The arrangement of road traffic was included in the rules already in the 19th century, and this can be known, among other things, from the fact that 127 years ago, on January 28, 1896 to be precise, the world’s first speedster, Walter Arnold, who Caught at 8 miles per hour, i.e. 13 km/h, he was stopped by the policeman who chased him on a bicycle for eight kilometers in Paddock Wood, England – our man was punished for four violations of the law at the same time:

  • To use a horseless locomotive on public roads,
  • To use a locomotive operated by less than three people,
  • For not displaying his name and address clearly on the locomotive, or
  • For not adhering to the speed limit – according to the laws of the time, the car could travel at a maximum speed of 2 miles per hour, i.e. 3.2 kilometers per hour (this is approximately the speed at which we drive), and it could only go faster if there was someone waving a red flag in front of it He runs.

Walter Arnold appeared in court two days after the incident, on January 30, where he was found guilty of all four charges. He was fined a total of £47 (that’s about £260 at today’s exchange rate, i.e. about 120,000 Hungarian forints), but only 10 shillings, half a pound, for speeding.

Before the decimal system*, the pound could be divided into several subunits, the most important of which were the shilling and the penny.

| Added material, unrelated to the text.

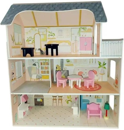 Domek dla lalek drewniany, z balkonem i dachem Ten piękny, drewniany domek dla lalek zachwyca szczegółami i starannym wykończeniem. Wykonany z solidnego drewna, ma klasyczną bryłę z niebieskim daszkiem oraz trzy piętra, na których znajduje się kilka pomieszczeń urządzonych w nowoczesnym stylu. …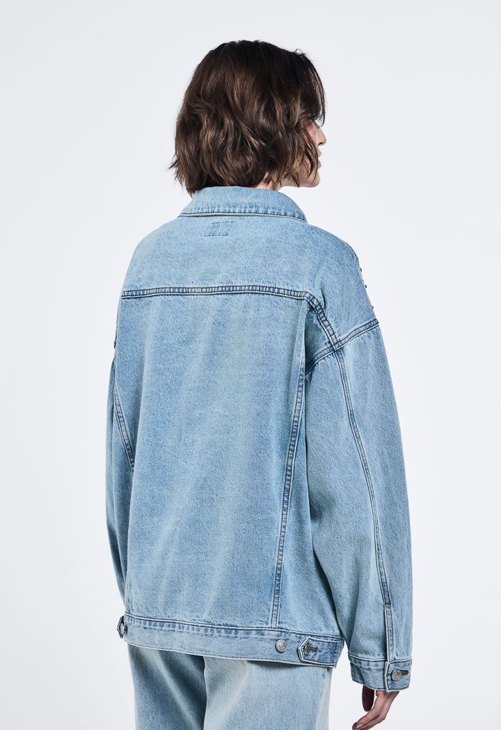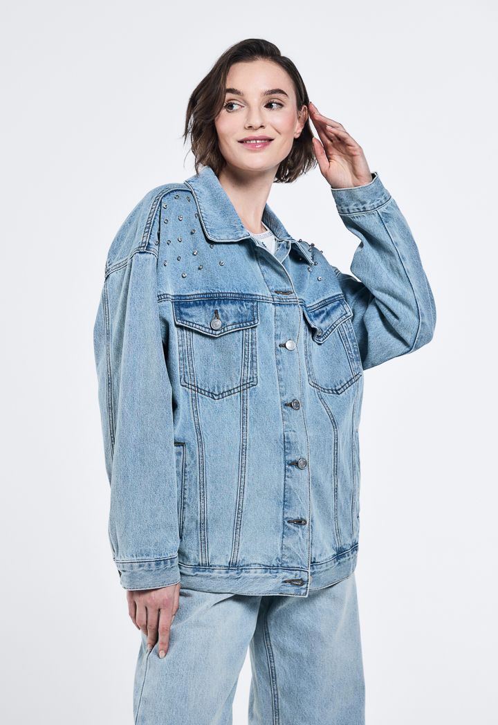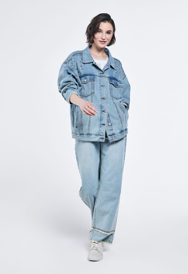 Design: Pearl And Crystal Embellished, Denim, Multi Pockets, Relaxed Fit, Drop Shoulders

One pound was equal to 20 shillings, while one shilling was equal to 12 pence, so one pound was equal to 240 pence.

* Converting the currency system (or weights and measures) into units related to powers of 10.

Incidentally, Walter Arnold was associated with a German-made Benz Motorwagen manufactured in 1896, which was much more accessible to the average person, as he was the owner of one of the first car dealerships in the UK, selling classic Benz cars imported from Germany (the predecessor of Mercedes-Benz ), that is, if we think this punishment deserves a great deal of publicity.

In 1896, the speed limit was raised to 14 mph (∼22 km/h) in England, and according to the new rules, even the conductor waving the red flag was dispensed with – and this is exactly what the public celebrates in a photo.